Thats alright Emerson, understandable.

You are correct that the middle line, DH towards the river, has had a lot of saplings come out of it, i saw a motorbike rider there also on that weekend ride and he was coming out of the top of that segment, i'm sure they are as much to blame for the broken trees as any impatient riders.

Both the boggy runners climb (still slippery after a week on the off camber climb out) and the decent post u turn were bad. I found the runners climb as expected and had no plans to ride it but the decent after the u-turn drops down into the gully a bit and a lot of water has been flowing along it, possibly a re-route higher up the hillside? By reverse i mean as the segment name, headed towards the lake.

I think a large amount of logs would be good on the collapsed gully, not just for us riding happy hollow but for those exploring and crossing the gully at full pelt. The tracks there are very clear and look well ridden and it could very easily catch out a rider new to the area.

And to Mr. Nuclear, i will send your regards!


----------



## emerthis (Jun 17, 2011)

This just in from the Ranger at Parks Vic:

On-ground assessment of the trail network has now been completed, we now have a much better understanding of what is actually out there. Garry, Angelo and myself are meeting this afternoon to discuss and review the information we have compiled over the past few weeks. We will be in touch in the near future to schedule in a some meetings, I'm predicting these will be a mix of on-site and meeting room. Yes agreed, let's keep communication timely and continuous.
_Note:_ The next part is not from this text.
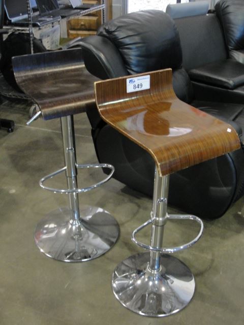 PAIR OF CHROME WITH BENTWOOD SEAT GAS LIFT BAR STOOL

I have spoken with the Ranger by phone today and a bit of email over the last couple of days. Here's a bit of an excerpt from (well, most of) what I had to say:

I saw your signage about the risk removal scheduled to start soon, in the heavily-used part of the park between the old Maroondah pipeline easement and the main fire road, at the southern end of the Park (see linked map). I must say, I was surprised to see how much the 'extreme' trails (with the big jumps) have spread across the area. I must agree that the way those jumps have been built does seem to pose an unnecessary level of risk, and it's certainly not in keeping with the natural forms that most of the more mature mountain-bike community values so highly about the area.

The kind of jumps that have been appearing recently are often referred to as 'doubles', or 'double-jumps' in older jargon. They are comprised of an up-ramp, followed by a gap, and a completely separate down-ramp. They are uncompromising in that failure to negotiate the obstacle successfully carries quite a high risk of injury. There is a way to make these features less prone to risk, as demonstrated at You Yangs Regional Park - simply by filling the gap between the ramps. What you end up with is something that looks much more natural (for example, like an eroded termite mound) - however any trail with this kind of feature needs to be well sign-posted in terms of advisory warnings, and the jumps should be quite clear of surrounding trees, to minimise the chances of an accidental collision.

I think that your proposal for the flat area near the water tank, up towards Yellow Gum (see linked map), is ideally suited to the kind of construction I refer to above - however you will find, as stated by the group at our meeting, that generally the builders of these trails and jumps are local kids, who mostly have no way of accessing the more remote parts of the Park, hence they build near the boundary of the park where the housing estates are located. I am quite sure that you will see a proliferation of this kind of thing once the new development at University Hill and Chancellor has become more established. It can really only be effectively minimised by frequent patrols.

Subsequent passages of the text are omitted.